• Exercise details
Required from the data below: the exact lines starting at the line containing "其中,VIH(ac)min是" and ending at the line containing "Mushroom Style Communication", with both ends kept and all pictures dropped.

• Data for this task
+--

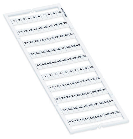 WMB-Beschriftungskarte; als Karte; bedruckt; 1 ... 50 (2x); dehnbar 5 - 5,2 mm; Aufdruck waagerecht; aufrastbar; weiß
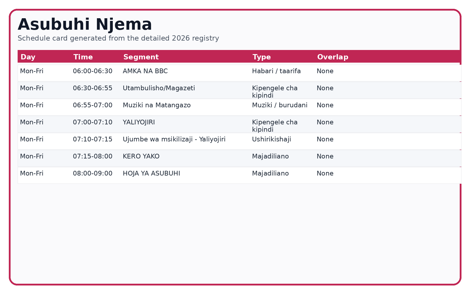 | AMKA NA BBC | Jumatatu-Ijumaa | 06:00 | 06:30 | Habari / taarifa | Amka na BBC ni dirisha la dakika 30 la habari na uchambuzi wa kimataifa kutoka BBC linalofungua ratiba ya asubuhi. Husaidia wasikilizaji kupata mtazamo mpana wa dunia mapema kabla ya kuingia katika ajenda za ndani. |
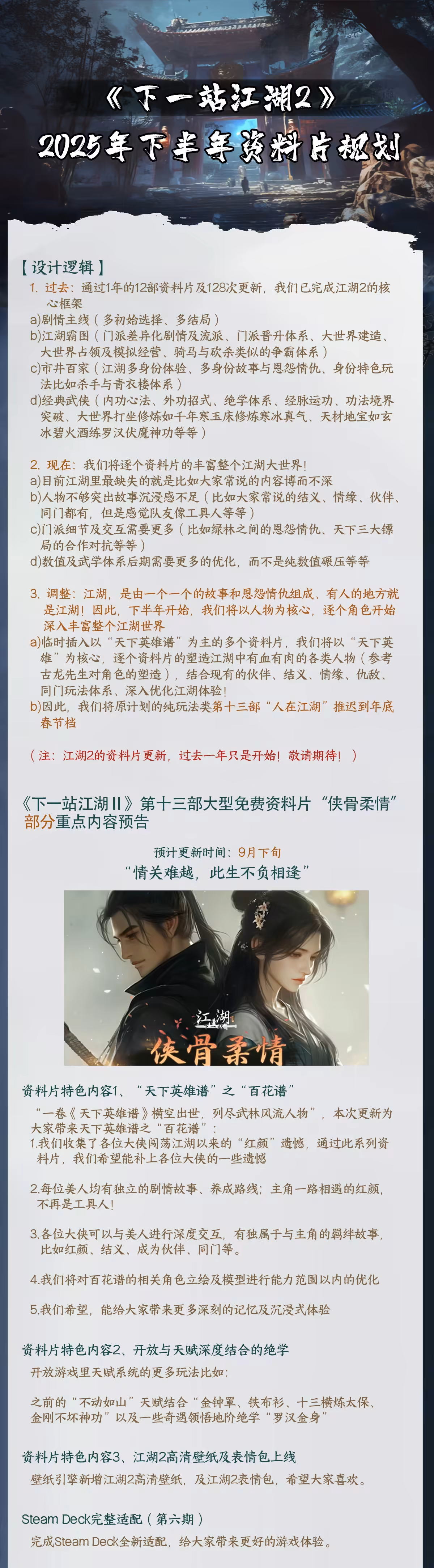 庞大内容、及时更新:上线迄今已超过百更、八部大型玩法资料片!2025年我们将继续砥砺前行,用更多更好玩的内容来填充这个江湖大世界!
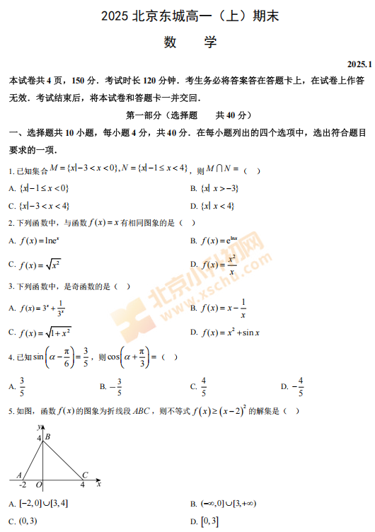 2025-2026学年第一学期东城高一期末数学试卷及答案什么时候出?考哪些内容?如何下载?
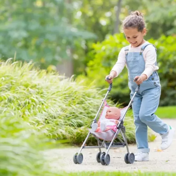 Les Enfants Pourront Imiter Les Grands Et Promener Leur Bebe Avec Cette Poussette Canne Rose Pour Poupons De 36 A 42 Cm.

+--

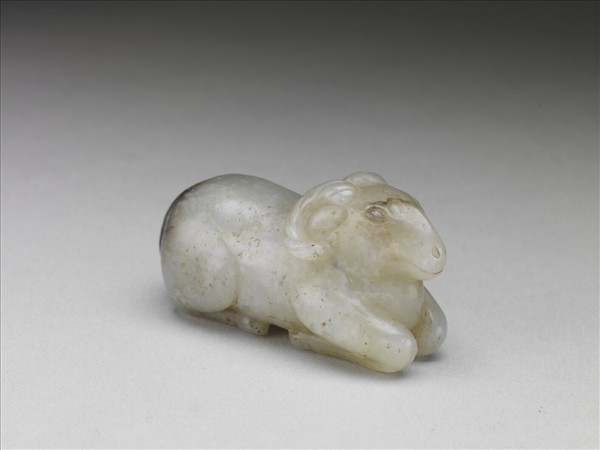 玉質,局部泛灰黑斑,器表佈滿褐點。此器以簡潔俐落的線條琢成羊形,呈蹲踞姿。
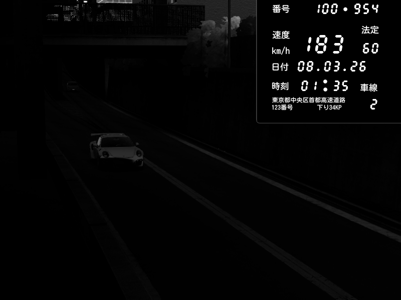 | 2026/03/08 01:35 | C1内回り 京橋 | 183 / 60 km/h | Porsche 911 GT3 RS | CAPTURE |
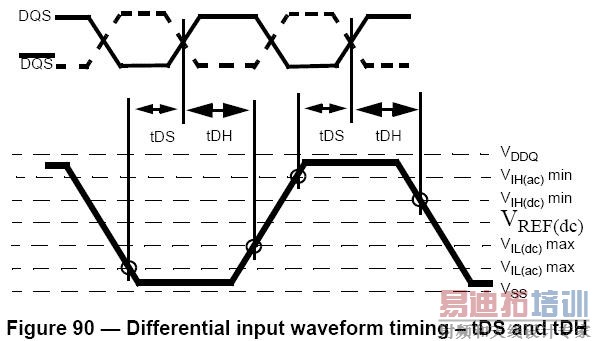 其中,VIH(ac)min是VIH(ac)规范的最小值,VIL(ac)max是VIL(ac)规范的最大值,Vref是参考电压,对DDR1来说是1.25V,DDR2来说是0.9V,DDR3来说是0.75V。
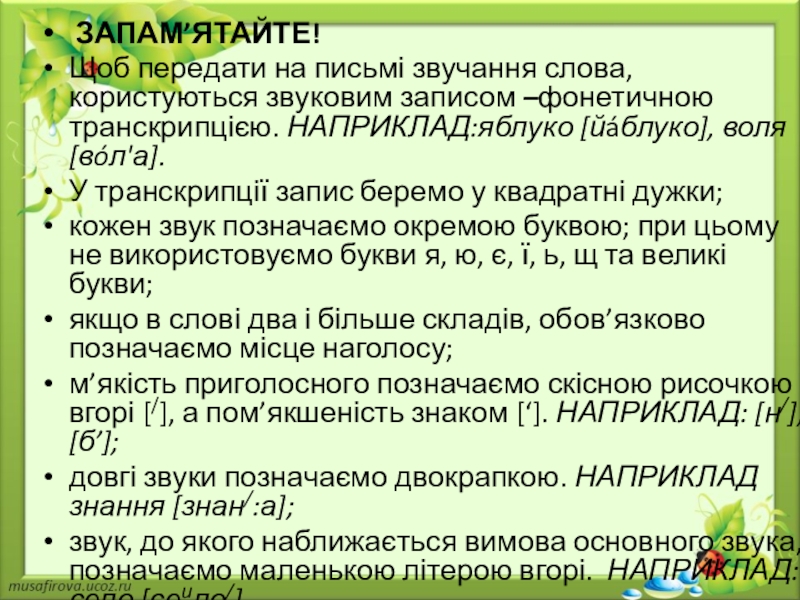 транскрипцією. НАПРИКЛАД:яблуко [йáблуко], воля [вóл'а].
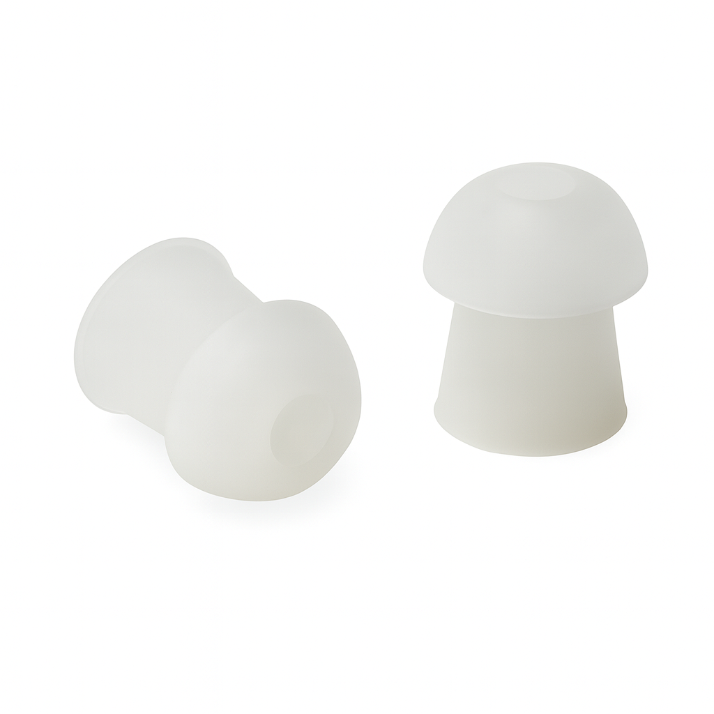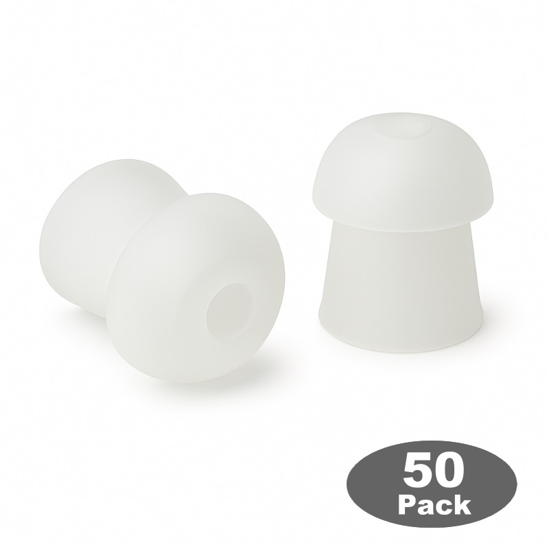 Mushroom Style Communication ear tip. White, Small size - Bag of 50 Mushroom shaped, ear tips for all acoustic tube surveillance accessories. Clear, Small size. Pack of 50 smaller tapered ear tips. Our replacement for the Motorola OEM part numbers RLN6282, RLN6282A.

+--

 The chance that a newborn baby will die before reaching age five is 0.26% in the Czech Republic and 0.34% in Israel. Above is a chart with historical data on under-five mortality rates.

+--

• Result
 其中,VIH(ac)min是VIH(ac)规范的最小值,VIL(ac)max是VIL(ac)规范的最大值,Vref是参考电压,对DDR1来说是1.25V,DDR2来说是0.9V,DDR3来说是0.75V。
 транскрипцією. НАПРИКЛАД:яблуко [йáблуко], воля [вóл'а].
 Mushroom Style Communication ear tip. White, Small size - Bag of 50 Mushroom shaped, ear tips for all acoustic tube surveillance accessories. Clear, Small size. Pack of 50 smaller tapered ear tips. Our replacement for the Motorola OEM part numbers RLN6282, RLN6282A.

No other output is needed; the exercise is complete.